YOUR GOAL = Instruction for the entries below: return the part that opens with the line containing "当社は「薬に頼らない製薬会社" and closes with the line containing "The application monitors", exactly, and no pictures.

Source records =
%%

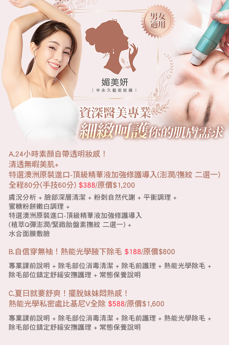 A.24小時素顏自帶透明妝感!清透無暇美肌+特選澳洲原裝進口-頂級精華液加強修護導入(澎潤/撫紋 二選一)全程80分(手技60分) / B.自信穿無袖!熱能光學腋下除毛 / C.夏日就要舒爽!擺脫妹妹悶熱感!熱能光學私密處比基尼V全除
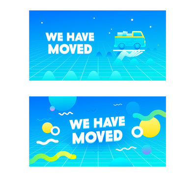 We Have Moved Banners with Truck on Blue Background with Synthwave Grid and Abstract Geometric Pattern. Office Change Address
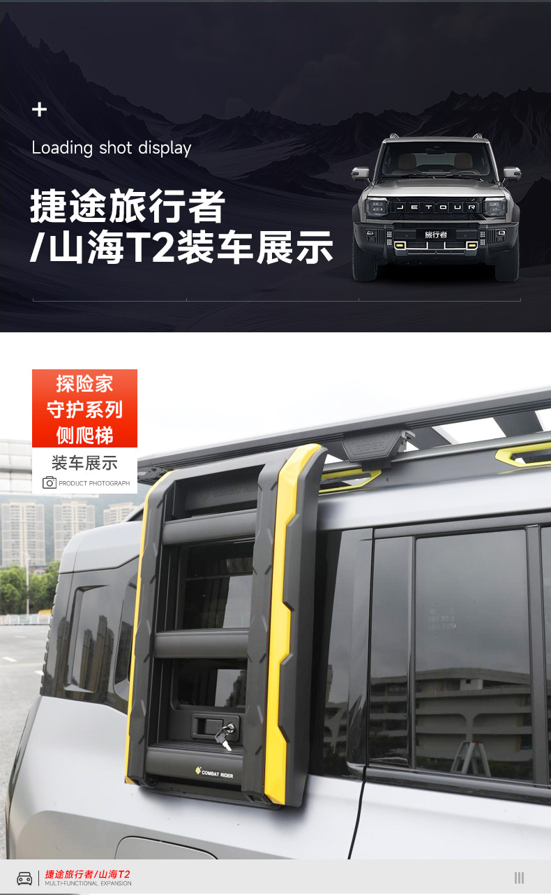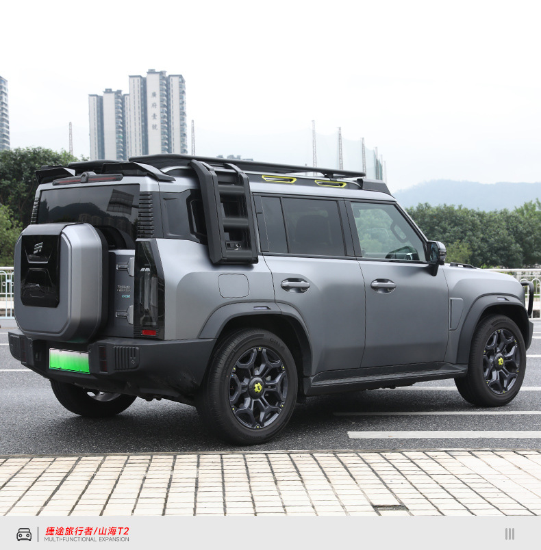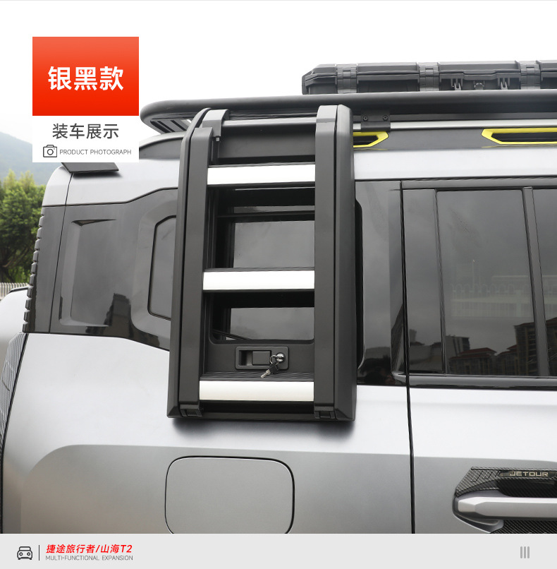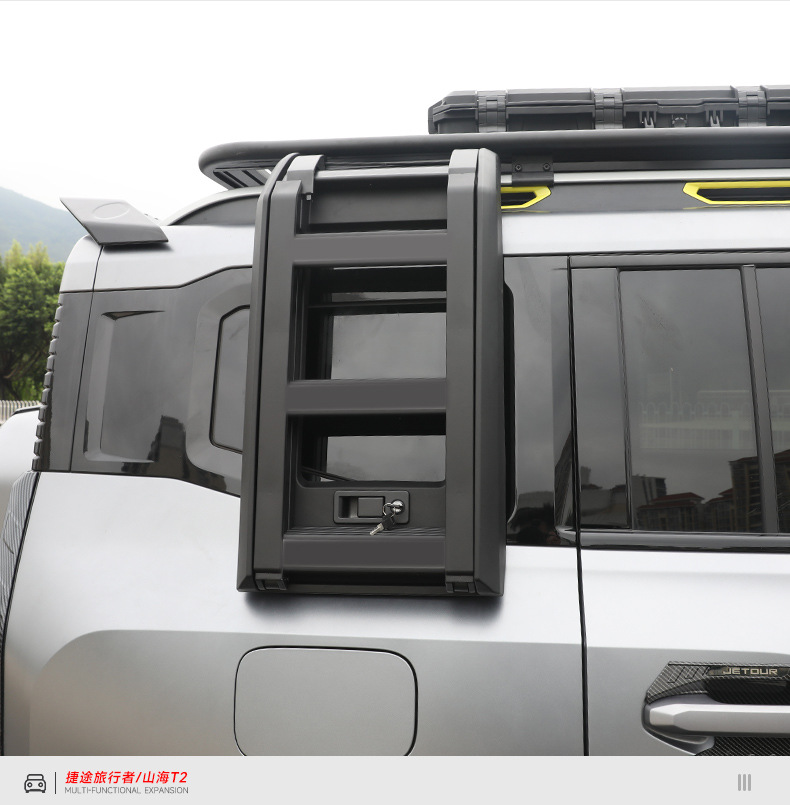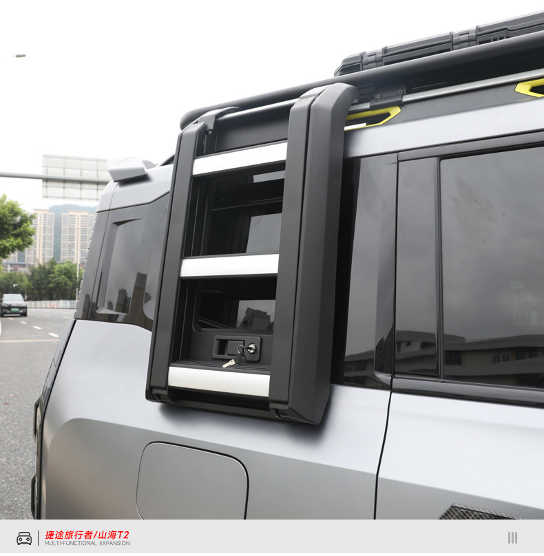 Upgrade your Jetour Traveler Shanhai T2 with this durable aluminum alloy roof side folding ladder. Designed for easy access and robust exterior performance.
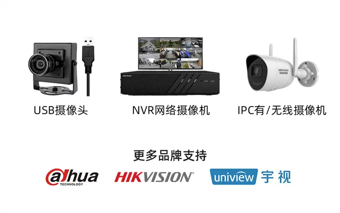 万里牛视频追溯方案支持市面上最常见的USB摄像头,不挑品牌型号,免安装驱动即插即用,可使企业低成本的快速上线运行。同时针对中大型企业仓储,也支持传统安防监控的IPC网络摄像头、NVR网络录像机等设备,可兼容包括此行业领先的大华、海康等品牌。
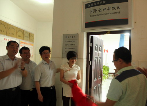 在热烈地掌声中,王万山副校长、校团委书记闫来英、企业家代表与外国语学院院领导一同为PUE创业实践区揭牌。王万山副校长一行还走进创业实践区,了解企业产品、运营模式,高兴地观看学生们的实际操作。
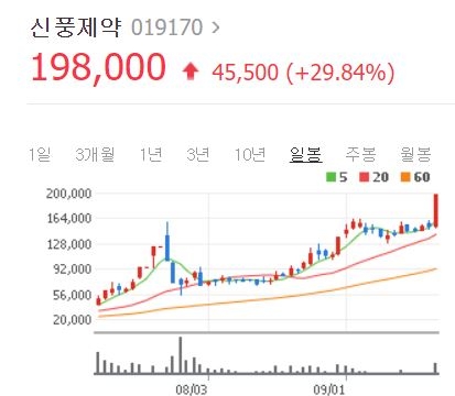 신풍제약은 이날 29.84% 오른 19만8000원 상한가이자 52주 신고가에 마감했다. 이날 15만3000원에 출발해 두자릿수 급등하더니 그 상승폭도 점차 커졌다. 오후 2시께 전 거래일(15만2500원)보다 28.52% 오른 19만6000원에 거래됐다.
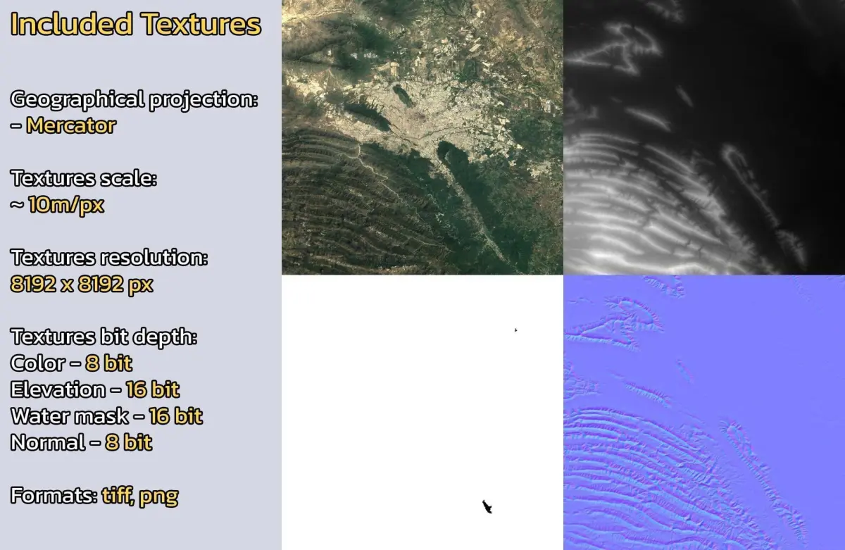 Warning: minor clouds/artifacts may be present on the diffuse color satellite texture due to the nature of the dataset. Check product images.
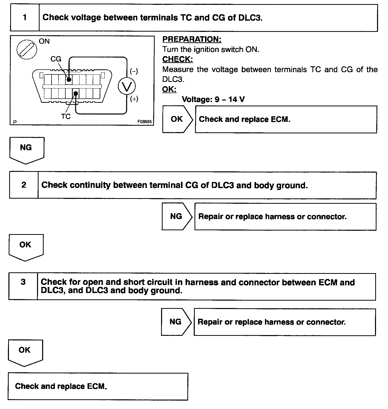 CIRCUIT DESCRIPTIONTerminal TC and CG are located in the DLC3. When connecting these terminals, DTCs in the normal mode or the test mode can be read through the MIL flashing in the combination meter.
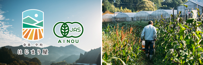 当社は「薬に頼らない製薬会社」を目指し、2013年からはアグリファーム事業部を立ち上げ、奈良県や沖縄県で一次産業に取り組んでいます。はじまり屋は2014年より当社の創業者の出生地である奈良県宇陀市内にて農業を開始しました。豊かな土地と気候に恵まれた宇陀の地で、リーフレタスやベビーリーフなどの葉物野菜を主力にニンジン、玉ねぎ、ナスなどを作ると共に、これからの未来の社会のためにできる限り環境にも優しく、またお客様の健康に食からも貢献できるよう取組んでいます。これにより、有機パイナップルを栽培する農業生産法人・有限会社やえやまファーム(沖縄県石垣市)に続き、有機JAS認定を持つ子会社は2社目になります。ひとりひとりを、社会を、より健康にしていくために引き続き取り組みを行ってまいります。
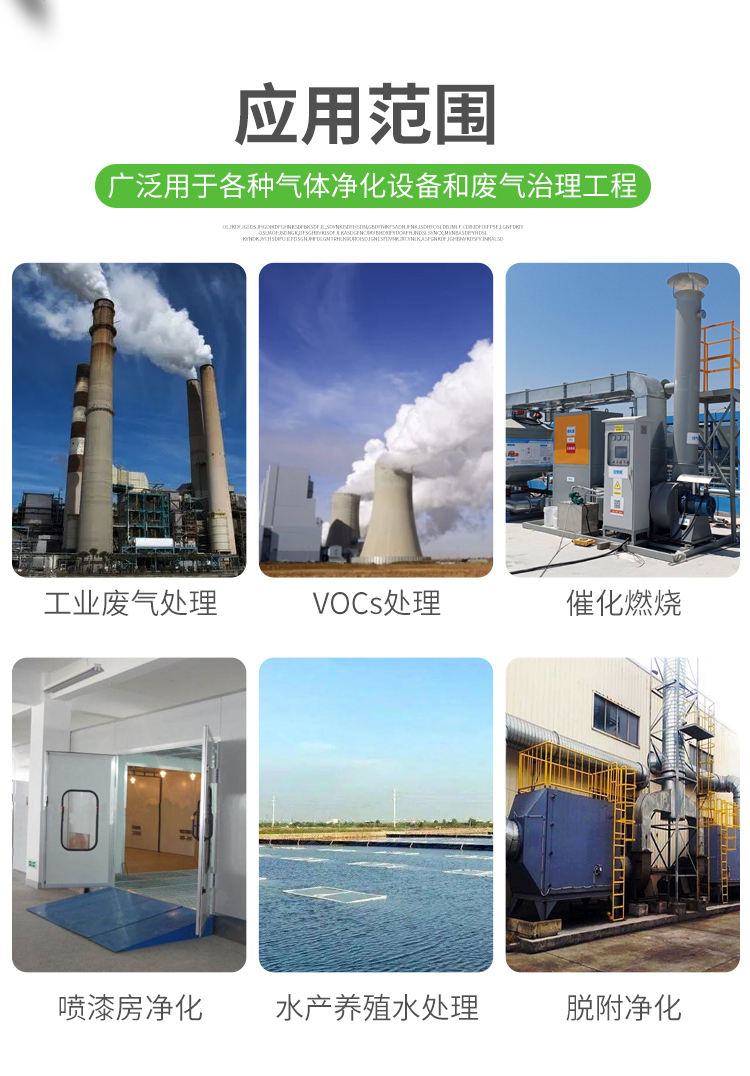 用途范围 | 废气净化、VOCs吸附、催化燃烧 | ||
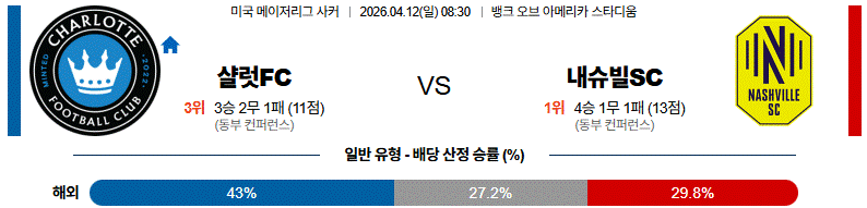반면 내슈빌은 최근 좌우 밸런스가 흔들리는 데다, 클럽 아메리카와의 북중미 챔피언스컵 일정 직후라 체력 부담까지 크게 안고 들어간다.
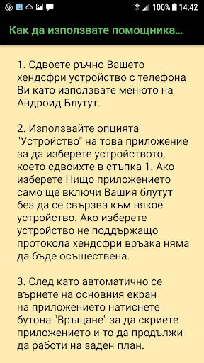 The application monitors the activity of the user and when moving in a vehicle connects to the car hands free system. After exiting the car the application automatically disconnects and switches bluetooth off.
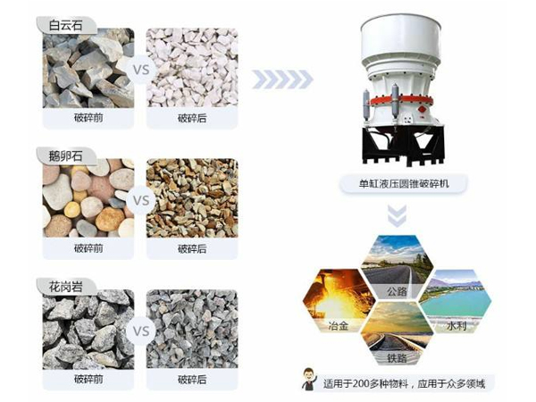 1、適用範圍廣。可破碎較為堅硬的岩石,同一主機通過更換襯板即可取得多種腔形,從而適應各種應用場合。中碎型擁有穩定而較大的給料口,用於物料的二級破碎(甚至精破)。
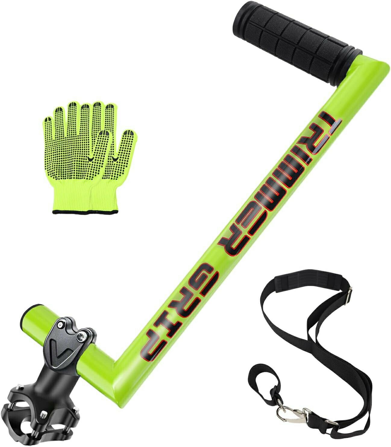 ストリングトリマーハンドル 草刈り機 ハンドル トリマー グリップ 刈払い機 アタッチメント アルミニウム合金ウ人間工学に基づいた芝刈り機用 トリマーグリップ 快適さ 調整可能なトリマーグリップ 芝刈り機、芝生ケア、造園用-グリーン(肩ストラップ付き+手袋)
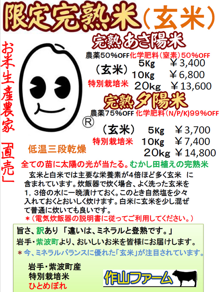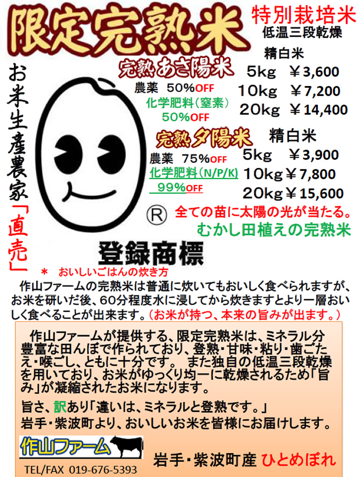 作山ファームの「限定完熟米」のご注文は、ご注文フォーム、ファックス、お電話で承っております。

%%

RESULT =
 当社は「薬に頼らない製薬会社」を目指し、2013年からはアグリファーム事業部を立ち上げ、奈良県や沖縄県で一次産業に取り組んでいます。はじまり屋は2014年より当社の創業者の出生地である奈良県宇陀市内にて農業を開始しました。豊かな土地と気候に恵まれた宇陀の地で、リーフレタスやベビーリーフなどの葉物野菜を主力にニンジン、玉ねぎ、ナスなどを作ると共に、これからの未来の社会のためにできる限り環境にも優しく、またお客様の健康に食からも貢献できるよう取組んでいます。これにより、有機パイナップルを栽培する農業生産法人・有限会社やえやまファーム(沖縄県石垣市)に続き、有機JAS認定を持つ子会社は2社目になります。ひとりひとりを、社会を、より健康にしていくために引き続き取り組みを行ってまいります。
 用途范围 | 废气净化、VOCs吸附、催化燃烧 | ||
반면 내슈빌은 최근 좌우 밸런스가 흔들리는 데다, 클럽 아메리카와의 북중미 챔피언스컵 일정 직후라 체력 부담까지 크게 안고 들어간다.
 The application monitors the activity of the user and when moving in a vehicle connects to the car hands free system. After exiting the car the application automatically disconnects and switches bluetooth off.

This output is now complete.